▶ **Problem details**
Output each record verbatim, with pictures left out.

▶ **Exercise input**
-- Opening Marker --

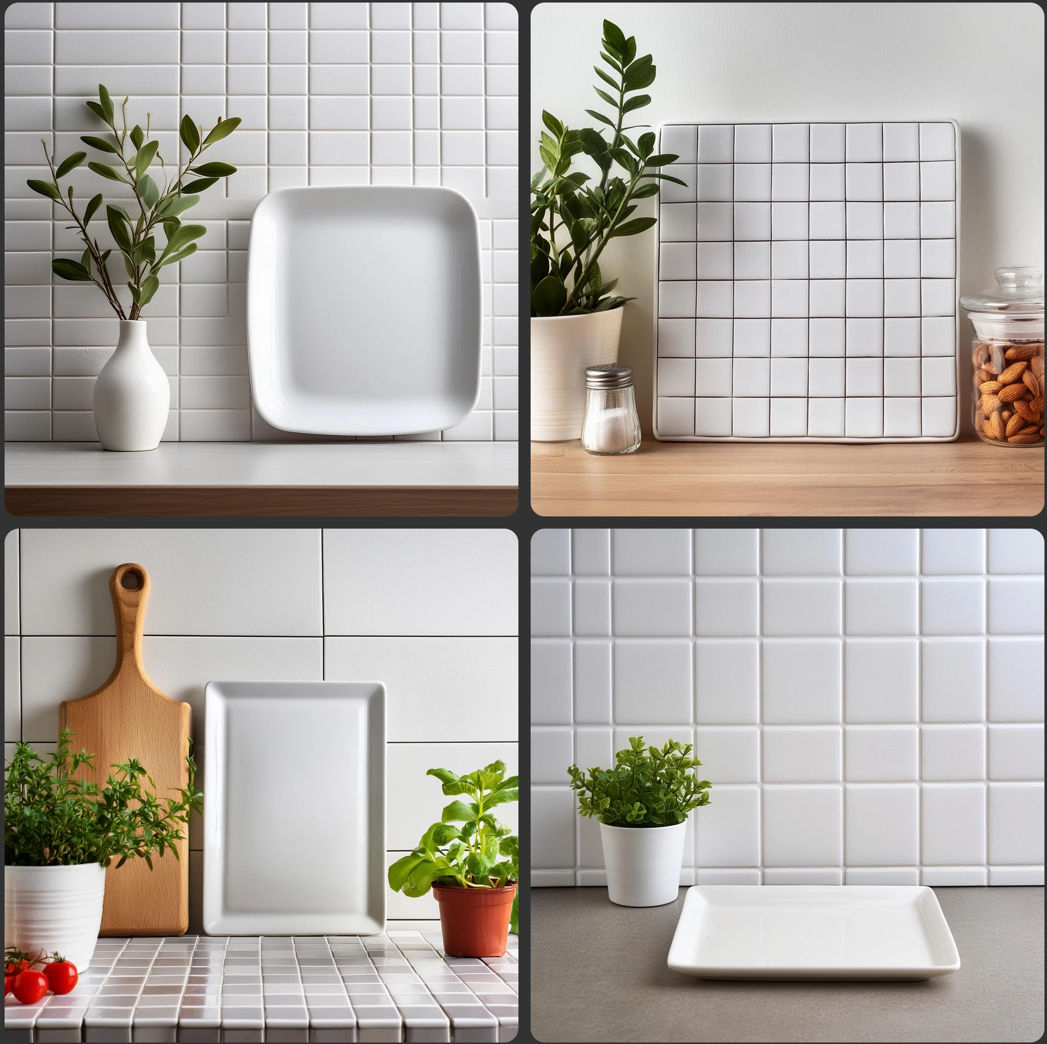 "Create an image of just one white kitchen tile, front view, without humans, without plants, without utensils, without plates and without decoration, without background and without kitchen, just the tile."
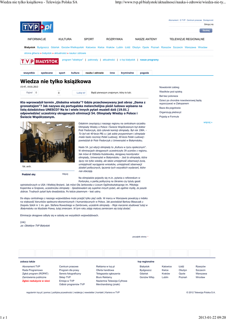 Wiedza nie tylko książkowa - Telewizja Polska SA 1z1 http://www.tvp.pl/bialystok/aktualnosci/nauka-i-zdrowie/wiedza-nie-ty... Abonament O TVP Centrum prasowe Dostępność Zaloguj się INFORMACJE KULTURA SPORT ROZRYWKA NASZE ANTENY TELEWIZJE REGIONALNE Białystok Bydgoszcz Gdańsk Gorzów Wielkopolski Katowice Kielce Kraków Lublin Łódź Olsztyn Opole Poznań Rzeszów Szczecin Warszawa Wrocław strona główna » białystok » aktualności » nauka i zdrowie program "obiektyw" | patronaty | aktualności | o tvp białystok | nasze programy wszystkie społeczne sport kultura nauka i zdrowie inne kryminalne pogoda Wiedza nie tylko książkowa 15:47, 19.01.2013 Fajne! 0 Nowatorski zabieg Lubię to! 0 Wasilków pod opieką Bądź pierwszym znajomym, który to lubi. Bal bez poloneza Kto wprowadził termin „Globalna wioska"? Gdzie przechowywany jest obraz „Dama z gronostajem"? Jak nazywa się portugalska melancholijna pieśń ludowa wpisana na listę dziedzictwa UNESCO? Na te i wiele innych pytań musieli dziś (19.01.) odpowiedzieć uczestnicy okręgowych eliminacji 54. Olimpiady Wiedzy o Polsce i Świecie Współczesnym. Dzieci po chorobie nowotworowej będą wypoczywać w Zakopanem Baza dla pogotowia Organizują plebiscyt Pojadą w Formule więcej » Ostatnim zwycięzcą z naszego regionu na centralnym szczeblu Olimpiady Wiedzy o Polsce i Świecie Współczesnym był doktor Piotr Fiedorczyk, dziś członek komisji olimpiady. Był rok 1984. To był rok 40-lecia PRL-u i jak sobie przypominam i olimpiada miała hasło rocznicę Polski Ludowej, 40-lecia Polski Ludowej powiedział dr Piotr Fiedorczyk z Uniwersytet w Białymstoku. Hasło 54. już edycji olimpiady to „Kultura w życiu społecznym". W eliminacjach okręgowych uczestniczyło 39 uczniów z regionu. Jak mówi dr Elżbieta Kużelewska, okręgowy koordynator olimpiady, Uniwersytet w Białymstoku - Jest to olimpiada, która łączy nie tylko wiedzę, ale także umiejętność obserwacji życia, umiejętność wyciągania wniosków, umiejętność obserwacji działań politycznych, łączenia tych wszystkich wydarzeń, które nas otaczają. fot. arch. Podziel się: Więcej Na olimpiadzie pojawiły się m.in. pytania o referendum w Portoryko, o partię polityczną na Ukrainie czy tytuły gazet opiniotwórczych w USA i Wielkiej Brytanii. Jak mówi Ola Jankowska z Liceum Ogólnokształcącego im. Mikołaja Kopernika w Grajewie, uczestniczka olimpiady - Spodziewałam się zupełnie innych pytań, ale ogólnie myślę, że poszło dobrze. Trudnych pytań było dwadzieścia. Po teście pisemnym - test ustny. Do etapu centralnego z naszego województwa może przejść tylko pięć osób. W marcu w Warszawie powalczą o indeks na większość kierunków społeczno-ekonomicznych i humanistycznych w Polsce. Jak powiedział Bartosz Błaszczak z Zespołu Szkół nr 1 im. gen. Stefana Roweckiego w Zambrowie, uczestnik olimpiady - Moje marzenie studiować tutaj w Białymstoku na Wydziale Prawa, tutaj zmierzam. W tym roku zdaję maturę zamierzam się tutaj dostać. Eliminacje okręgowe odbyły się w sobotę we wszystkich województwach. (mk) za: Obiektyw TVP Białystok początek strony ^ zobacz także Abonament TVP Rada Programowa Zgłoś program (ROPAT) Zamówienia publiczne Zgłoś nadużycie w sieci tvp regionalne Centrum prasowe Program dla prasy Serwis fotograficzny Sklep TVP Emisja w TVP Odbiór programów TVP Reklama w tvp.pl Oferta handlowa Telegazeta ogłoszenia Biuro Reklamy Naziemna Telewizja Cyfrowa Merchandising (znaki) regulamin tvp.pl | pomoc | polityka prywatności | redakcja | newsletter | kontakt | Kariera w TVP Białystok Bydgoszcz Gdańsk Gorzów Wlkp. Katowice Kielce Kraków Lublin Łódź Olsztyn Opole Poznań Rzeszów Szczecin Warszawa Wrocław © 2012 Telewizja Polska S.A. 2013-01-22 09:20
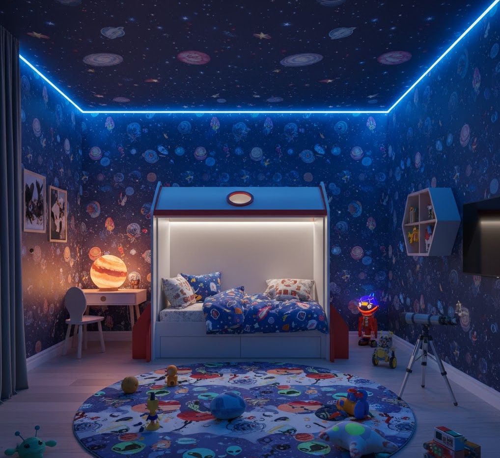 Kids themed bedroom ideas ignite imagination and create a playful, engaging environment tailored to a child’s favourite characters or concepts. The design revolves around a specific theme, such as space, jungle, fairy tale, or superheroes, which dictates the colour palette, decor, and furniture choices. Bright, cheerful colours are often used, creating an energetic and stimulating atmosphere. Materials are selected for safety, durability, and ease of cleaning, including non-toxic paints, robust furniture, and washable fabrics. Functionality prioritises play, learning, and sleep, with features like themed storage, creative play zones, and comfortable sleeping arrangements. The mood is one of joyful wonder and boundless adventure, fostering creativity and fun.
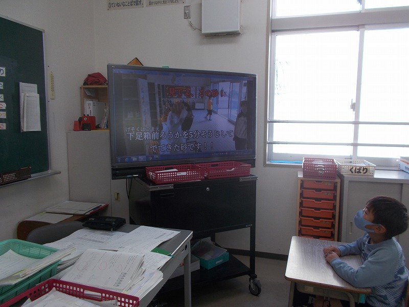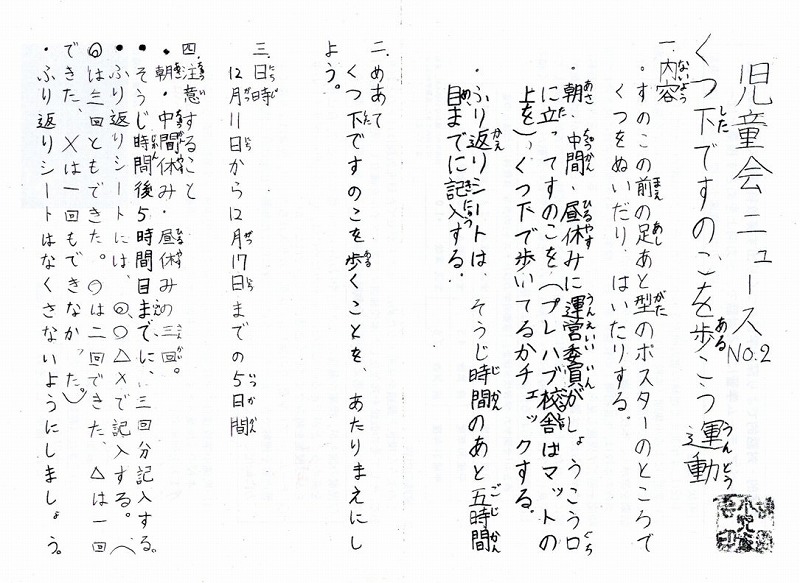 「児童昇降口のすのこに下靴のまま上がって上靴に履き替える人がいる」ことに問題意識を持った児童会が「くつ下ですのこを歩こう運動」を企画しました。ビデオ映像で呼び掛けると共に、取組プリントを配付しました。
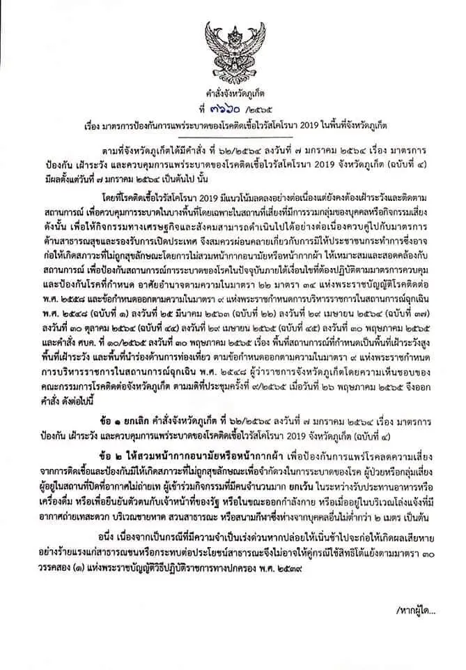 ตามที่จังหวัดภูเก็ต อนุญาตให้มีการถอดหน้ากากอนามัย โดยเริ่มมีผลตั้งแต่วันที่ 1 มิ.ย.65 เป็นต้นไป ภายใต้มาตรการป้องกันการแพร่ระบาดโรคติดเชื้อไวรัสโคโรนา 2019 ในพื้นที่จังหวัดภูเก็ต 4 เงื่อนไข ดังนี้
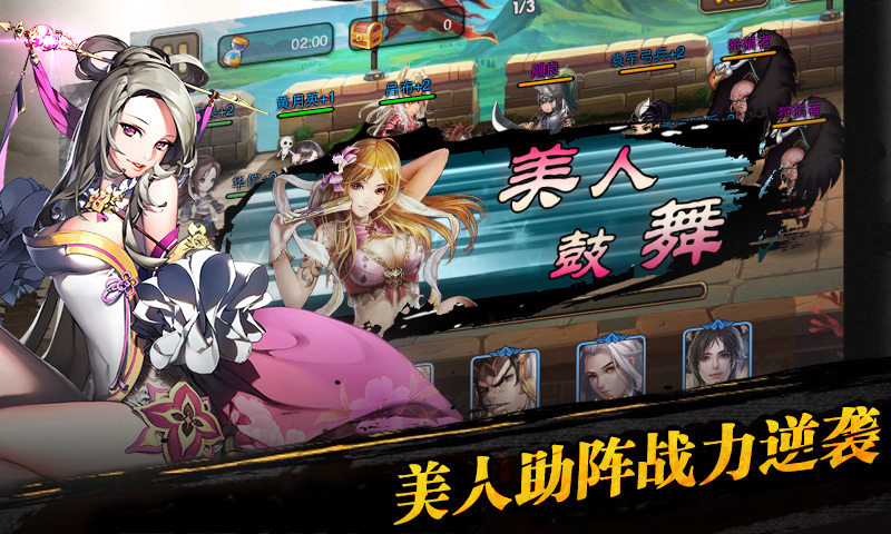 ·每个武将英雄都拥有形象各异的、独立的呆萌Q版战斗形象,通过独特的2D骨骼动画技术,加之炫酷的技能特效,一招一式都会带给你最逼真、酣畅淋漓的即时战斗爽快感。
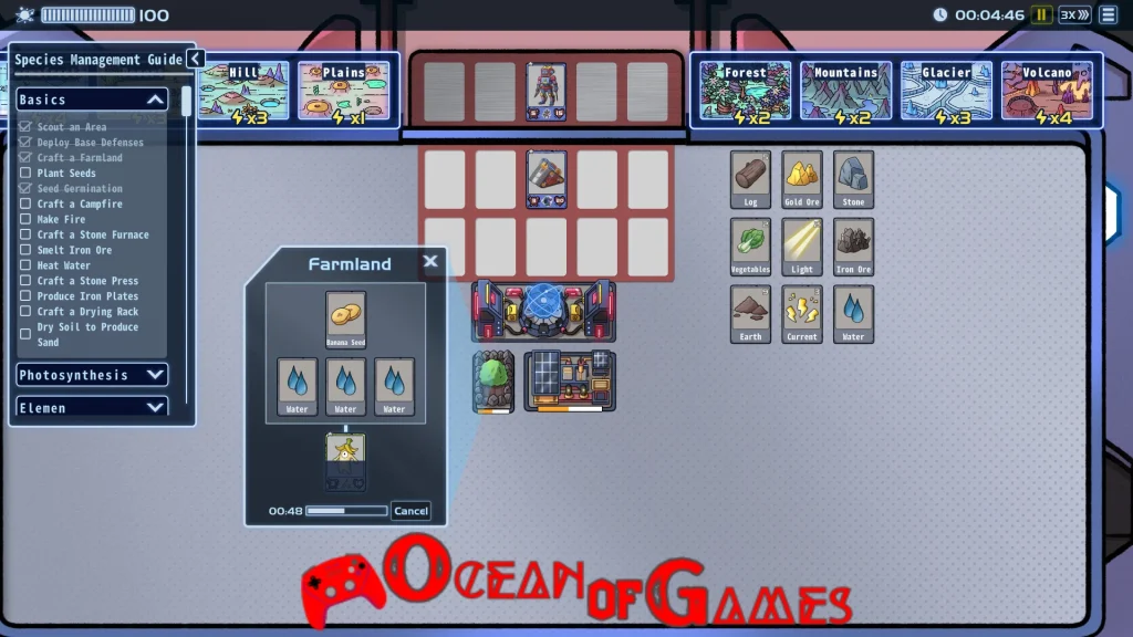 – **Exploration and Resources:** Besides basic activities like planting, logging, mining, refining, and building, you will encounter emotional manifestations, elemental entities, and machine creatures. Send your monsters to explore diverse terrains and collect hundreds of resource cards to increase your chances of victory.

-- Closing Marker --

▶ **Task result**
 "Create an image of just one white kitchen tile, front view, without humans, without plants, without utensils, without plates and without decoration, without background and without kitchen, just the tile."
 Wiedza nie tylko książkowa - Telewizja Polska SA 1z1 http://www.tvp.pl/bialystok/aktualnosci/nauka-i-zdrowie/wiedza-nie-ty... Abonament O TVP Centrum prasowe Dostępność Zaloguj się INFORMACJE KULTURA SPORT ROZRYWKA NASZE ANTENY TELEWIZJE REGIONALNE Białystok Bydgoszcz Gdańsk Gorzów Wielkopolski Katowice Kielce Kraków Lublin Łódź Olsztyn Opole Poznań Rzeszów Szczecin Warszawa Wrocław strona główna » białystok » aktualności » nauka i zdrowie program "obiektyw" | patronaty | aktualności | o tvp białystok | nasze programy wszystkie społeczne sport kultura nauka i zdrowie inne kryminalne pogoda Wiedza nie tylko książkowa 15:47, 19.01.2013 Fajne! 0 Nowatorski zabieg Lubię to! 0 Wasilków pod opieką Bądź pierwszym znajomym, który to lubi. Bal bez poloneza Kto wprowadził termin „Globalna wioska"? Gdzie przechowywany jest obraz „Dama z gronostajem"? Jak nazywa się portugalska melancholijna pieśń ludowa wpisana na listę dziedzictwa UNESCO? Na te i wiele innych pytań musieli dziś (19.01.) odpowiedzieć uczestnicy okręgowych eliminacji 54. Olimpiady Wiedzy o Polsce i Świecie Współczesnym. Dzieci po chorobie nowotworowej będą wypoczywać w Zakopanem Baza dla pogotowia Organizują plebiscyt Pojadą w Formule więcej » Ostatnim zwycięzcą z naszego regionu na centralnym szczeblu Olimpiady Wiedzy o Polsce i Świecie Współczesnym był doktor Piotr Fiedorczyk, dziś członek komisji olimpiady. Był rok 1984. To był rok 40-lecia PRL-u i jak sobie przypominam i olimpiada miała hasło rocznicę Polski Ludowej, 40-lecia Polski Ludowej powiedział dr Piotr Fiedorczyk z Uniwersytet w Białymstoku. Hasło 54. już edycji olimpiady to „Kultura w życiu społecznym". W eliminacjach okręgowych uczestniczyło 39 uczniów z regionu. Jak mówi dr Elżbieta Kużelewska, okręgowy koordynator olimpiady, Uniwersytet w Białymstoku - Jest to olimpiada, która łączy nie tylko wiedzę, ale także umiejętność obserwacji życia, umiejętność wyciągania wniosków, umiejętność obserwacji działań politycznych, łączenia tych wszystkich wydarzeń, które nas otaczają. fot. arch. Podziel się: Więcej Na olimpiadzie pojawiły się m.in. pytania o referendum w Portoryko, o partię polityczną na Ukrainie czy tytuły gazet opiniotwórczych w USA i Wielkiej Brytanii. Jak mówi Ola Jankowska z Liceum Ogólnokształcącego im. Mikołaja Kopernika w Grajewie, uczestniczka olimpiady - Spodziewałam się zupełnie innych pytań, ale ogólnie myślę, że poszło dobrze. Trudnych pytań było dwadzieścia. Po teście pisemnym - test ustny. Do etapu centralnego z naszego województwa może przejść tylko pięć osób. W marcu w Warszawie powalczą o indeks na większość kierunków społeczno-ekonomicznych i humanistycznych w Polsce. Jak powiedział Bartosz Błaszczak z Zespołu Szkół nr 1 im. gen. Stefana Roweckiego w Zambrowie, uczestnik olimpiady - Moje marzenie studiować tutaj w Białymstoku na Wydziale Prawa, tutaj zmierzam. W tym roku zdaję maturę zamierzam się tutaj dostać. Eliminacje okręgowe odbyły się w sobotę we wszystkich województwach. (mk) za: Obiektyw TVP Białystok początek strony ^ zobacz także Abonament TVP Rada Programowa Zgłoś program (ROPAT) Zamówienia publiczne Zgłoś nadużycie w sieci tvp regionalne Centrum prasowe Program dla prasy Serwis fotograficzny Sklep TVP Emisja w TVP Odbiór programów TVP Reklama w tvp.pl Oferta handlowa Telegazeta ogłoszenia Biuro Reklamy Naziemna Telewizja Cyfrowa Merchandising (znaki) regulamin tvp.pl | pomoc | polityka prywatności | redakcja | newsletter | kontakt | Kariera w TVP Białystok Bydgoszcz Gdańsk Gorzów Wlkp. Katowice Kielce Kraków Lublin Łódź Olsztyn Opole Poznań Rzeszów Szczecin Warszawa Wrocław © 2012 Telewizja Polska S.A. 2013-01-22 09:20
 Kids themed bedroom ideas ignite imagination and create a playful, engaging environment tailored to a child’s favourite characters or concepts. The design revolves around a specific theme, such as space, jungle, fairy tale, or superheroes, which dictates the colour palette, decor, and furniture choices. Bright, cheerful colours are often used, creating an energetic and stimulating atmosphere. Materials are selected for safety, durability, and ease of cleaning, including non-toxic paints, robust furniture, and washable fabrics. Functionality prioritises play, learning, and sleep, with features like themed storage, creative play zones, and comfortable sleeping arrangements. The mood is one of joyful wonder and boundless adventure, fostering creativity and fun.
 「児童昇降口のすのこに下靴のまま上がって上靴に履き替える人がいる」ことに問題意識を持った児童会が「くつ下ですのこを歩こう運動」を企画しました。ビデオ映像で呼び掛けると共に、取組プリントを配付しました。
 ตามที่จังหวัดภูเก็ต อนุญาตให้มีการถอดหน้ากากอนามัย โดยเริ่มมีผลตั้งแต่วันที่ 1 มิ.ย.65 เป็นต้นไป ภายใต้มาตรการป้องกันการแพร่ระบาดโรคติดเชื้อไวรัสโคโรนา 2019 ในพื้นที่จังหวัดภูเก็ต 4 เงื่อนไข ดังนี้
 ·每个武将英雄都拥有形象各异的、独立的呆萌Q版战斗形象,通过独特的2D骨骼动画技术,加之炫酷的技能特效,一招一式都会带给你最逼真、酣畅淋漓的即时战斗爽快感。
 – **Exploration and Resources:** Besides basic activities like planting, logging, mining, refining, and building, you will encounter emotional manifestations, elemental entities, and machine creatures. Send your monsters to explore diverse terrains and collect hundreds of resource cards to increase your chances of victory.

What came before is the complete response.